The biggest mistake I see twenty-somethings make is that they put all their energy into hustling, and not into making something that's worth hustling. I meet young film makers who are more concerned with getting the financing than with rewriting the screenplay. I see actors more concerned with the quality of their headshots than with the quality of their training. I see playwrights mailing out scripts to 70 different theaters without considering whether the play is ready to be produced. Newspapers and magazines, which are in the pocket of Hollywood press agents, make us feel that if we haven't made it by 25, it's over. But most overnight successes are not overnight successes. Real success is the result of a life's work. I smile when a student tells me she's going to give "the acting thing" five years and if it doesn't "work out," she's going to law school. Five years is nothing. As one of your fellow alums told you when she was here two weeks ago, Allison Janney didn't begin working until she was 35. You've got to be willing to give your life to something. You must value your craft even more than your career. As Genet once said, "Talent is courtesy with respect to matter." This is Genet, that gender-bending, bourgeoisie-shocking, venereal disease ridden ex-con, and he's talking about courtesy.

This winter my father was in the hospital.
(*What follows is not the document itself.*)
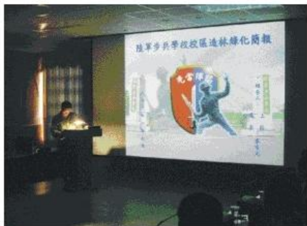
◆步校校區造林綠化簡報

He had gone in for a fairly routine but complications led to paralysis in his legs. So things seemed pretty bad. We've all heard the saying, "I cried because I had no shoes until I met a man who had no feet." Well, in an astonishing illustration, my father's roommate in the hospital was a man left quadripalegic by a motorcycle accident. My father was well-off by comparison.

When I visited my father in the hospital I would bustle up and down the halls seeing to this and that and one night I heard the strains of "Amazing Grace" coming from somebody's room. I poked my head in the door and saw a man playing the concertina. The Concertina Man came to the hospital every Saturday night to soothe the patients off to sleep. He would ask for requests and invariably people would ask for "Amazing Grace." He finally reached my father's room and my father's roommate also asked for "Amazing Grace." I watched the Concertina Man's face for a flicker of impatience or boredom but he gave no sign that anyone else had requested the song that evening. He launched into "Amazing Grace" as if he had been hoping somebody would request it. This was a man who was using his gift as a gift. It was the first time all year I had seen an artist who wasn't concerned with getting a development deal. This man did indeed have amazing grace. This man was truly somebody.

Four years ago I told you that if you do what you love, the money will come. Life gets harder when people offer you more money to do something else. But I urge you to do what you love and to do it out of love, not for the money or the outward success. Question what the world is valuing. Decide what you want to place value on. Assume your job should contribute something meaningful to the world. And that doesn't mean you have to work for Amnesty International or join the Peace Corps. Those are certainly meaningful callings but perhaps your calling is subtler or closer to home. You will know your calling when you've answered it. If you are unhappy, you are off track. Demand happiness. It's my hope for you. It's God's will for you.